Chapter: This is not a Religion! 'The Trechery of the Images' of Aum, Yasukuni and Al-Qaeda in Japanese Textbooks

DOI: 10.1558/equinox.30513

Blurb:

This article begins with the author’s own experience as a high school textbook writer. Three years ago I argued with the Japanese Ministry of Education over how to teach about the relationship between religion and violence. The Ministry’s view was that if a group commits violence, they should not be regarded as religious. The Ministry insisted that religion is, by definition, free of any violence. Since all school textbooks in Japan must be authorized by the Ministry, I had to accept the Ministry’s opinion because, otherwise, my textbook would not have been published. This would have caused my publisher to incur a great financial loss.

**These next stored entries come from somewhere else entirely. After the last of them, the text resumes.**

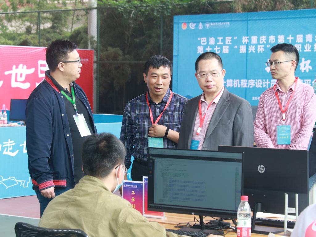 重庆电子工程职业学院党委副书记龚小勇与人工智能与大数据学院党总支书记吴焱岷亲临比赛现场检查赛事工作并为选手们加油打气。
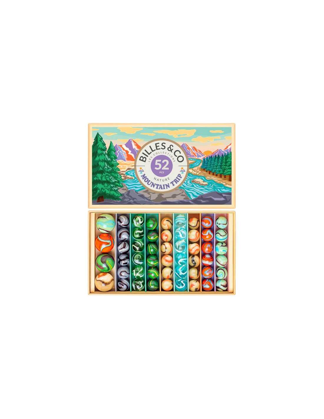 Découvrez le coffret de 52 billes Mountain Trip de Billes & Co. Billes et calots dans un splendide coffret cadeau pour une ballade en pleine nature. Billes & Co met en valeur ces petites boules de verre avec lesquelles tous les enfants ont joué afin d’en faire des “trésors de pierres précieuses”.
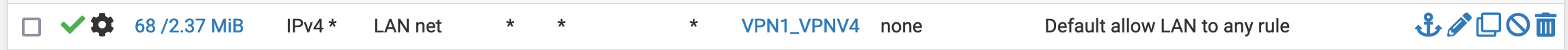 Then, in Firewall/Rules/LAN, we make sure to disable the IP v6 rules (icon on the right) and change the Default allow LAN to any rule rule to use our VPN1 interface as a gateway.
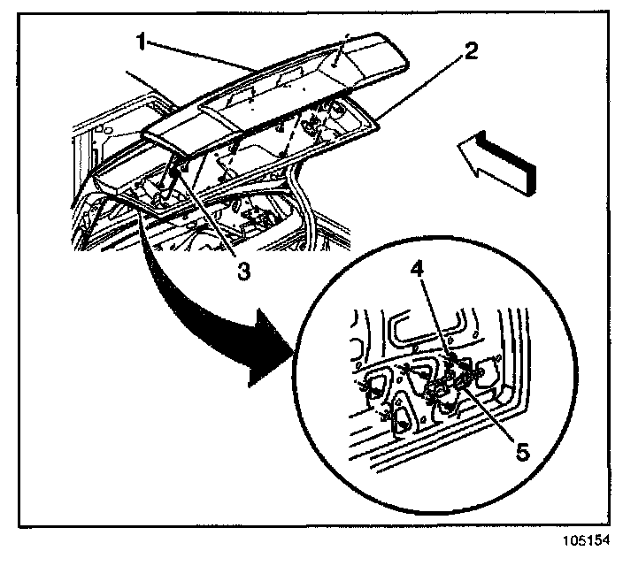 1. Route the backup lamp connector (5) and the grommet (3) through the rear compartment lid (2).

However, the Ministry’s attitude will increase rather than decrease the prejudice among Japanese young people against religions, Islam in particular, because the Ministry’s view flatly contradicts with the information these young people receive from the Internet, which many of them trust more than their teachers.

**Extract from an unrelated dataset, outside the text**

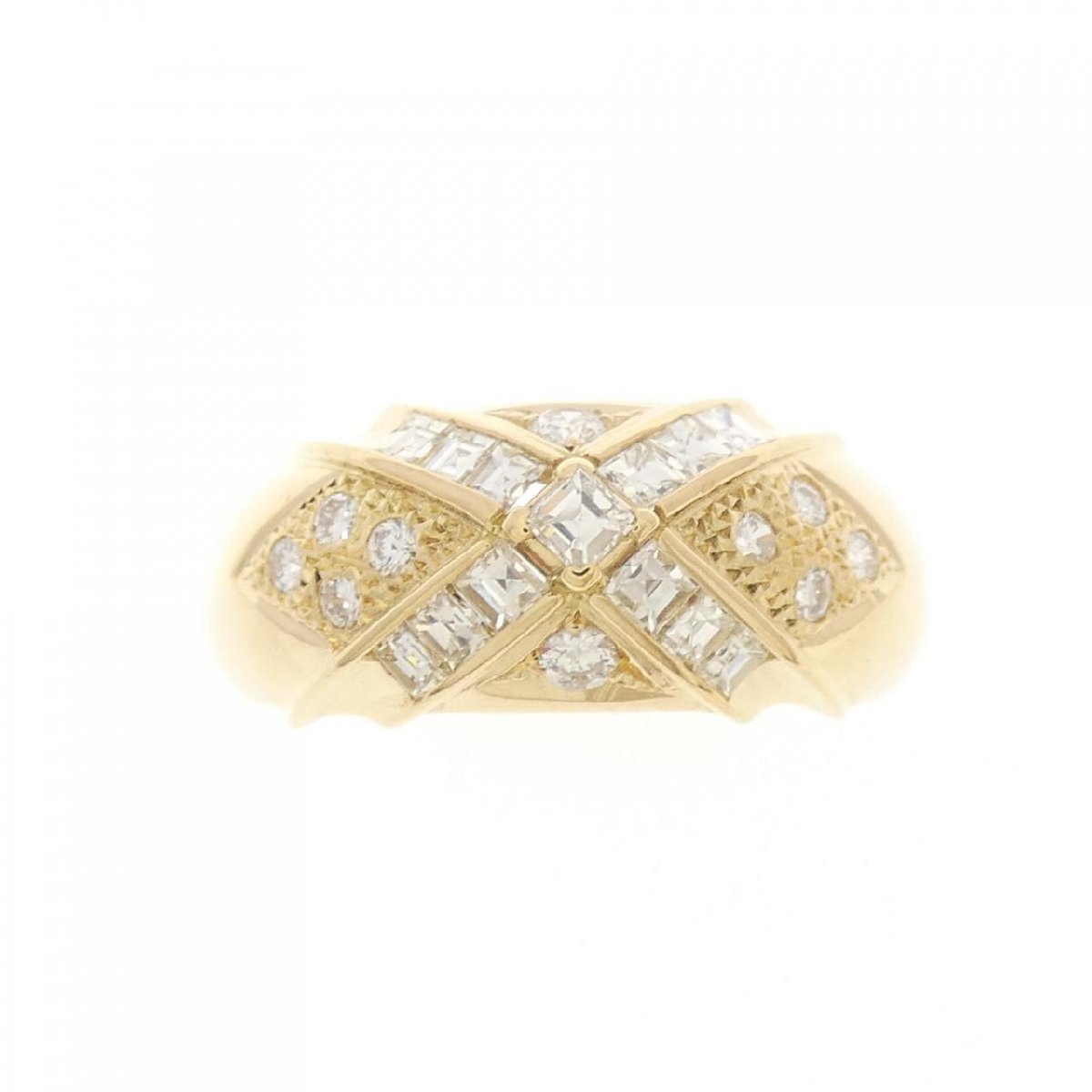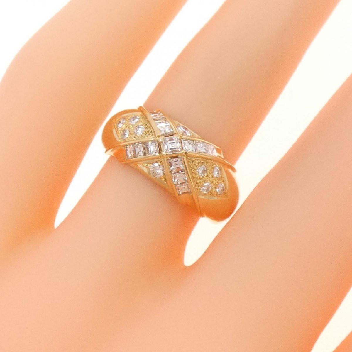 眩く輝くダイヤモンドがあしらわれたリング。イエローゴールドの輝きと共に指元を明るく飾ります。
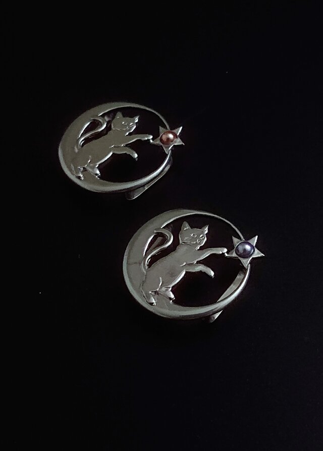 星に手を伸ばす猫帯留め(紫)

I will expand my arguments by:
1. Comparing how Aum Shinrikyo (the Buddhist New Religious Group responsible for the 1995 Tokyo sarin gas attack) and Al-Qaeda (for the September 11 attacks) are treated in social studies/civic studies textbooks.
2. Examining the descriptions of State Shinto and Yasukuni Shrine in those textbooks and explaining what their implications would be in light of the ongoing contention between China/South-Korea and Japan.
3. Critically assessing college textbooks on the same issue, which are produced freely without any official, national authorization and are supposed to offer academically tenable, uncompromised views of Japanese scholars of religion.
I will finally present possible alternative descriptions/explanations on religion and conflict/violence that can be taught to Japanese pupils. While there are works in English on the topics of Aum Shinrikyo, State Shinto, Yasukuni Shrine et cetera, there is no publication which addresses these topics together in a systematic way from the perspective of religion and conflicts/violence, especially in a school teaching setting.